▸ Task to complete
Print every line below exactly as written, but leave the pictures behind.
*** Data provided
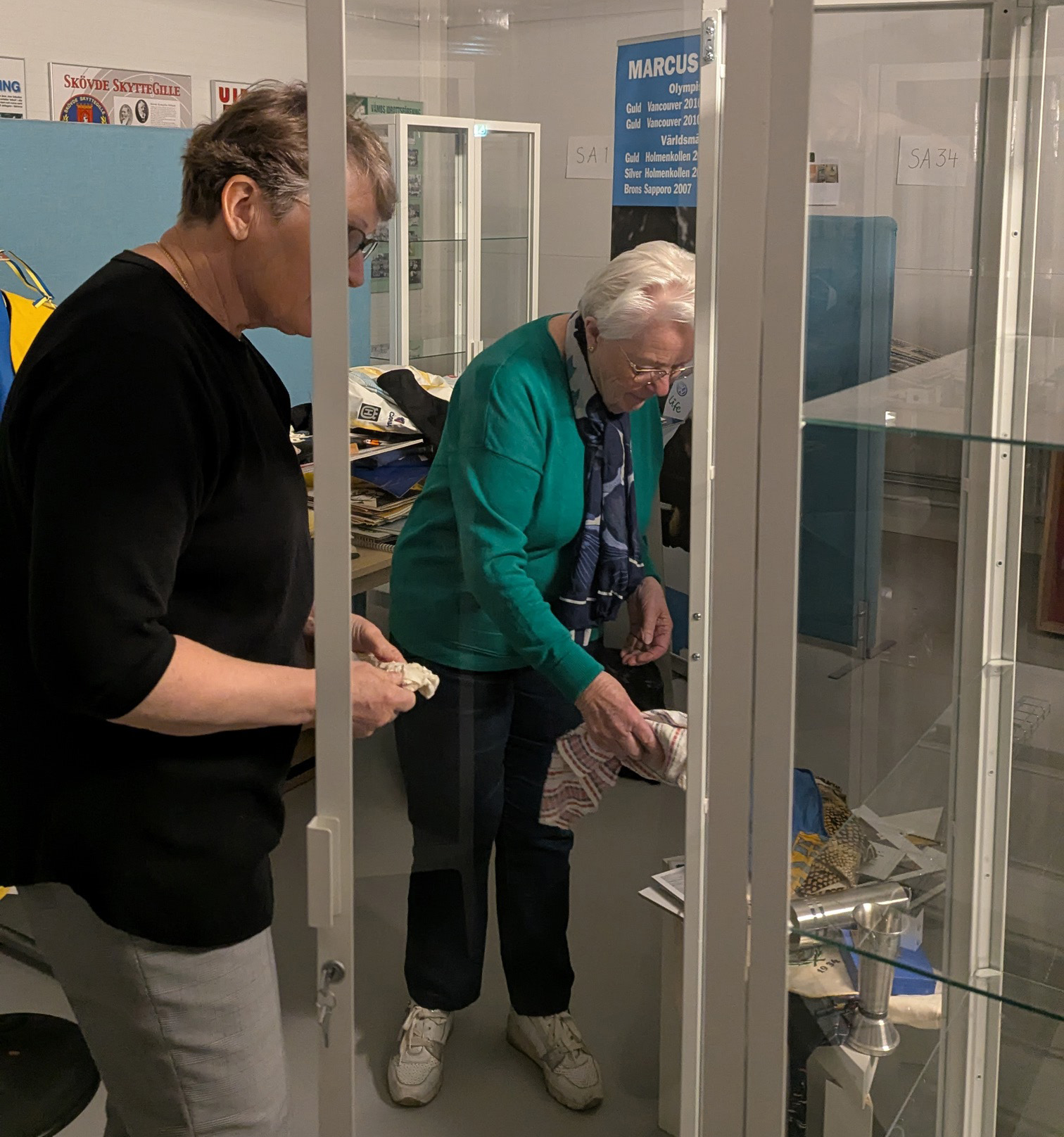 Här ses Eva-Lotte och Solveig förbereda ett vitrinskåp ämnat åt fotbollsminnen ur samlingarna. Det börjar
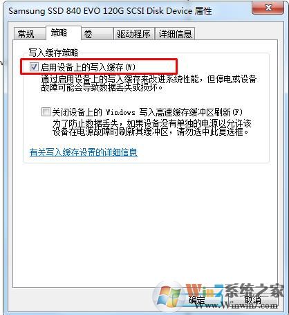 cncxm.com 3、看下“啟用設(shè)備上的寫入緩存”這項(xiàng)有沒有勾選,沒有的話勾選一下。然后確定。
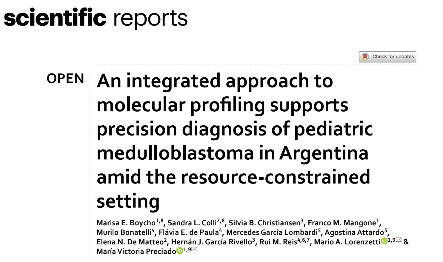 Publicación: Avances en el diagnóstico molecular del meduloblastoma pediátrico en Argentina
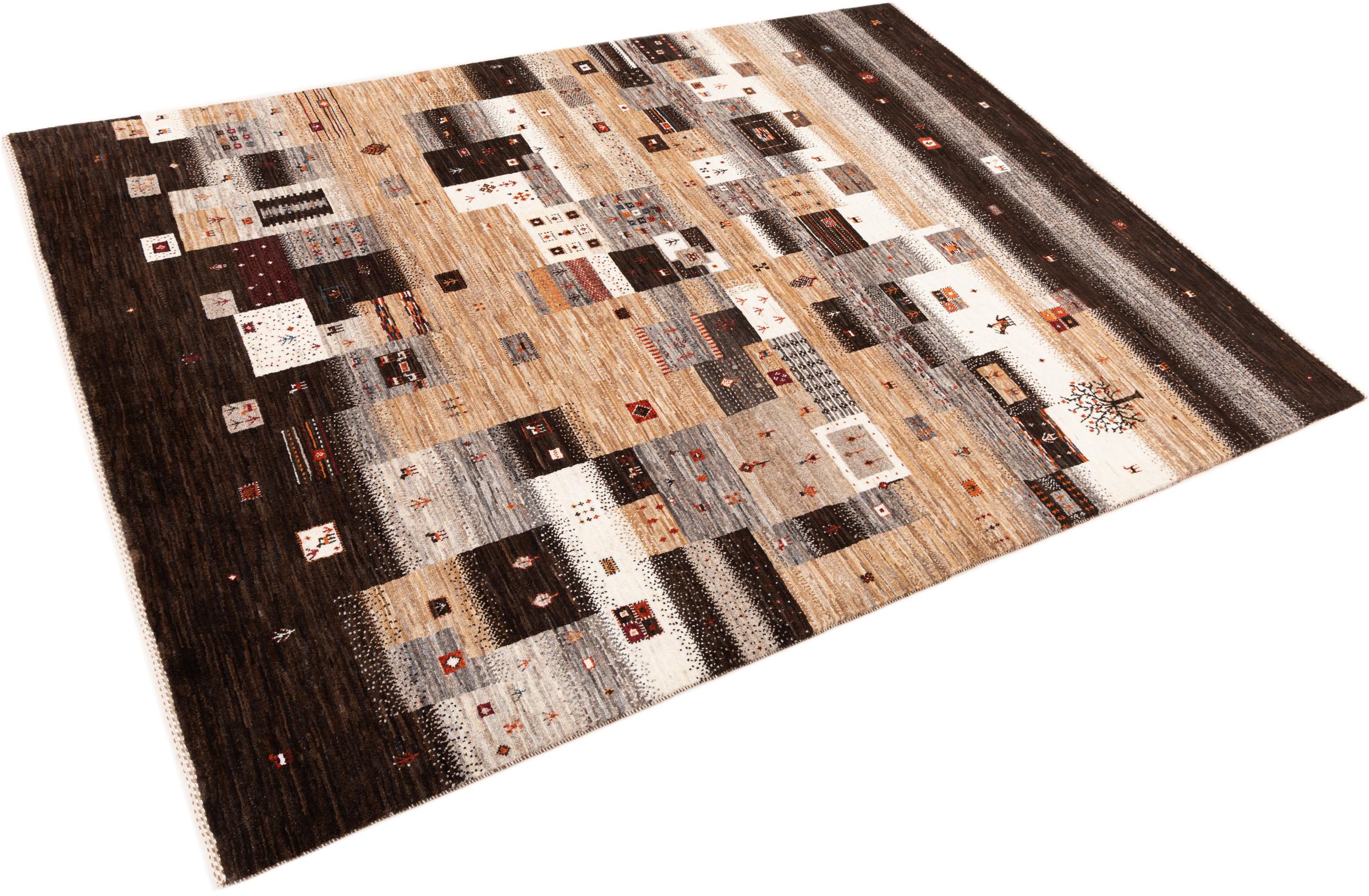 Esta hermosa alfombra es una Gabbeh persa y por lo tanto pertenece a las alfombras Gabbeh de mayor calidad. Las alfombras son anudadas por nómadas o seminómadas en Irán según la artesanía tradicional. Los motivos y patrones simples están inspirados en su mayoría por el entorno inmediato de los nómadas. Por ejemplo, los camellos, árboles o arbustos se pueden encontrar en las alfombras tradicionales. Las alfombras gabbeh persas están hechas de lana de rebaños de ovejas criados localmente. Por lo tanto, la lana se sigue hilando a mano. Así, cada una de estas alfombras orientales encarna un carácter único de la cultura de siglos de antigüedad.
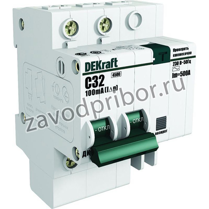 —Выключатель автоматический дифференциального тока 2п C 10А 30мА тип AC 4.5кА ДИФ-101 4.5мод. DEKraft 15002DEK
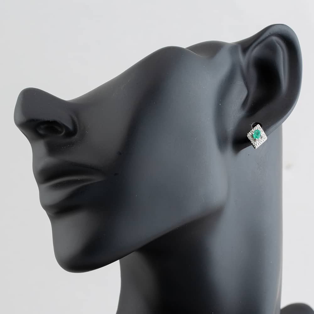 White Gold 0.50ct Emerald & 0.08ct Diamond Marquise Shaped Stud Earrings
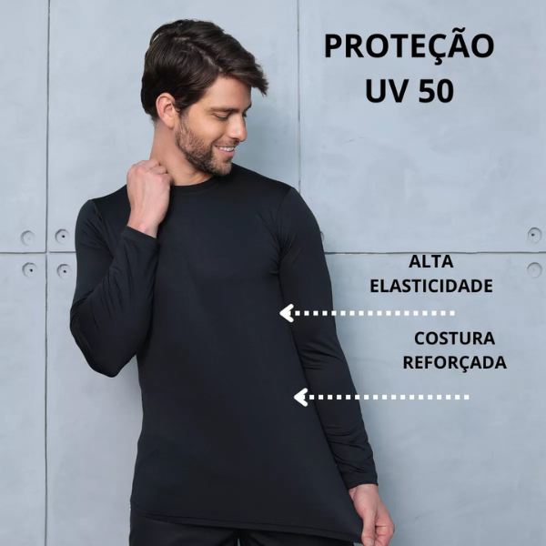A Camiseta Térmica Segunda Pele Proteção UV Extreme Premium da marca MODAS LUALL é a escolha ideal para os amantes de atividades ao ar livre. Composta por uma mistura de poliéster e elastano, esta camiseta oferece conforto e flexibilidade, permitindo liberdade de movimento durante caminhadas, ciclismo, corridas e muito mais.
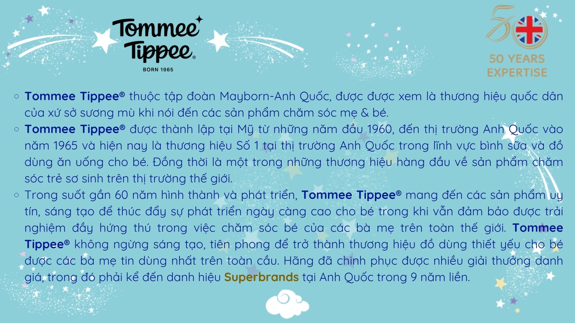 Tommee Tippee thuộc tập đoàn Mayborn, được xem là thương hiệu quốc dân của Anh Quốc, là niềm tự hào của sứ xở sương mù khi nói đến các sản phẩm chăm sóc mẹ và bé.
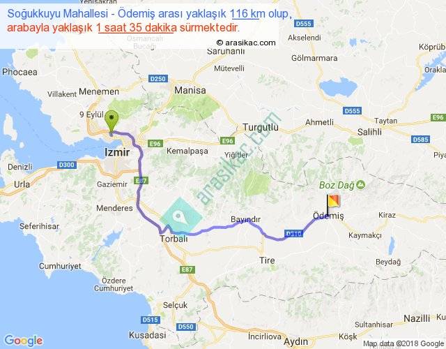 Soğukkuyu Mahallesi - Ödemiş arası yaklaşık olarak 90 km/h ile yukarıda belirtilen sürede olup, iki yerin kuş uçuşu uzaklığı (mesafesi) 79'dir. Yolculuk otobüsle 2 saat 3 dakika sürmektedir.
******
▸ Reply
 Här ses Eva-Lotte och Solveig förbereda ett vitrinskåp ämnat åt fotbollsminnen ur samlingarna. Det börjar
 cncxm.com 3、看下“啟用設(shè)備上的寫入緩存”這項(xiàng)有沒有勾選,沒有的話勾選一下。然后確定。
 Publicación: Avances en el diagnóstico molecular del meduloblastoma pediátrico en Argentina
 Esta hermosa alfombra es una Gabbeh persa y por lo tanto pertenece a las alfombras Gabbeh de mayor calidad. Las alfombras son anudadas por nómadas o seminómadas en Irán según la artesanía tradicional. Los motivos y patrones simples están inspirados en su mayoría por el entorno inmediato de los nómadas. Por ejemplo, los camellos, árboles o arbustos se pueden encontrar en las alfombras tradicionales. Las alfombras gabbeh persas están hechas de lana de rebaños de ovejas criados localmente. Por lo tanto, la lana se sigue hilando a mano. Así, cada una de estas alfombras orientales encarna un carácter único de la cultura de siglos de antigüedad.
 —Выключатель автоматический дифференциального тока 2п C 10А 30мА тип AC 4.5кА ДИФ-101 4.5мод. DEKraft 15002DEK
 White Gold 0.50ct Emerald & 0.08ct Diamond Marquise Shaped Stud Earrings
A Camiseta Térmica Segunda Pele Proteção UV Extreme Premium da marca MODAS LUALL é a escolha ideal para os amantes de atividades ao ar livre. Composta por uma mistura de poliéster e elastano, esta camiseta oferece conforto e flexibilidade, permitindo liberdade de movimento durante caminhadas, ciclismo, corridas e muito mais.
 Tommee Tippee thuộc tập đoàn Mayborn, được xem là thương hiệu quốc dân của Anh Quốc, là niềm tự hào của sứ xở sương mù khi nói đến các sản phẩm chăm sóc mẹ và bé.
 Soğukkuyu Mahallesi - Ödemiş arası yaklaşık olarak 90 km/h ile yukarıda belirtilen sürede olup, iki yerin kuş uçuşu uzaklığı (mesafesi) 79'dir. Yolculuk otobüsle 2 saat 3 dakika sürmektedir.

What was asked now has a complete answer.